Подъехала шикарная крытая коляска, запряжённая парой белых лошадей. Из неё степенно вылез седовласый мужчина, высокий и широкоплечий, по-молодецки расправил усы и протянул руку супруге, слегка располневшей красавице. Следом за ними выскочил их сын, стройный, ловкий. Одет он был в греческий наряд: в короткий красный плащ с замысловатыми рисунками, лёгкие сандалии; ноги его были оплетены коричневыми ремешками; руки были голыми, под кожей играли сильные мускулы. Сын Кадуида был дьявольски красив, невольно отметила про себя Тамира.

Вторая половина дня прошла в суете приготовления, примерке нарядов, завивке волос. Как вызов предполагаемому жениху, Тамира оделась во всё аварское: длинное складчатое платье, обшитое золотыми бляшками с растительными изображениями, оно застёгивалось булавками из золота с различными шляпками в форме головок птиц. На шею она повесила гривну местного изготовления, уши украсила гвоздевидными серьгами с головками льва.

За ней пришёл отец. Критически оглядел с головы до ног, остался доволен. Сам он тоже надел аварский наряд: кожаную безрукавку, отороченную мехом, из неё выходили рукава мягкой рубахи, длинные и складчатые. Широкие штаны были заправлены в полусапожки без каблуков, обтянутые у щиколоток ремнями.

Отец ободряюще улыбнулся Тамире и повёл её вниз, в гостевую залу. Огромное помещение было освещено сотнями свечей и заставлено столами, за которыми сидели гости.

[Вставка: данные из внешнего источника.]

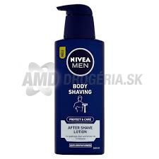 Telové mlieko po holení ** Nivea Men Protect & Care Body Shaving **. Telové mlieko po holení Nivea Men Protect & Care Body Shaving s aloe vera a provitamínom B5. Šetrne stará o pokožku po holení a dokonale ju chráni pred podráždením. Pokožku vyživuje a hĺbkovo hydratuje a zabraňuje strate vlhkosti.

Она вдруг так разволновалась, что у неё потемнело в глазах. Её качнуло в сторону, и она сильнее оперлась на руку отца; он сжал её ладонь, и ей стало легче. Отец провёл её в центр зала и усадил рядом с сыном Кадуида. Она склонилась над столом, не поднимая глаз, поджала губки.

   – Меня зовут Анахарсисом, – наклонясь к ней, сказал сын Кадуида. Тамира поняла, что его аварскому имени Анахар было придано греческое звучание, ей стало смешно от этого, но она сдержала себя, слегка улыбнулась и назвала своё имя.

Анахарсис с ходу ринулся в атаку.

   – Как говорил Платон, нам мило всё прелестное. Слова эти напоминают что-то лёгкое, лоснящееся. Возможно, поэтому-то они от нас всячески ускользают. А если уж говорить правду, то прекрасное – это прекрасная девушка. Именно такая девушка, как ты, самое прелестное создание, когда-либо мною виденное.

   – Но Аристотель говорил по этому поводу совсем другое, – возразила Тамира. – Он отмечал, что сама жизнь доставляет нам удовольствие и это удовольствие человек испытывает в своей душе. Поэтому ограничиваться видением прекрасного только в одном существе будет считаться ограниченным подходом. Надо любить жизнь во всех её проявлениях. К тому же, – лукаво улыбнулась она, – тот же Платон в том же трактате неожиданно заявляет, что, самая прекрасная девушка безобразна по сравнению с родом богов.

   – Но в этом зале нет богов! – воскликнул Анахарсис. – Так что слова Платона бьют мимо цели!

Так продолжали они пикироваться в стиле молодых людей, воспитанных в духе греческой культуры.

Между тем многочисленные рабы разносили по столам различные яства и питьё: варёную и жареную баранину, копчёные тушки птиц – от кур до голубей и куропаток, блюда различных рыб, овощи, фрукты, в большом количестве вина, хмельную медовуху, пиво. Такие обильные застолья по греческому и римскому образцу стали традицией среди аварской знати, пресыщенной и развращённой на рабском труде покорённого населения. Они проводились почти еженедельно поочерёдно у богатых и знатных людей города. Каждый из них старался перещеголять друг друга в изобилии закусок и винных напитков. Многие гости напивались на них порой до полного бесчувствия, их выносили за руки-ноги и отправляли домой; некоторые отсыпались под столами и, едва протрезвев, снова принимались за пиршество. Тамиру отвращало это разгульное пьянство и обжорство высшего общества Каменска, она посещала их только по необходимости, в особо торжественных случаях, как сейчас.

Рабы налили им вина. Тамира пригубила и поставила свой бокал. Анахарсис выпил до дна. Закусывал он как хорошо воспитанный человек: аккуратно нарезал кусочки мяса и отправлял их в рот тонкими пальцами, так же естественно и элегантно расправлялся он с овощами, фруктами и прочей снедью.

Провозглашались новые тосты. Анахарсис каждый раз полностью осушал свой бокал. Стал шептать ей нежные слова:

   – Ты самая прекрасная на сегодняшнем пиру.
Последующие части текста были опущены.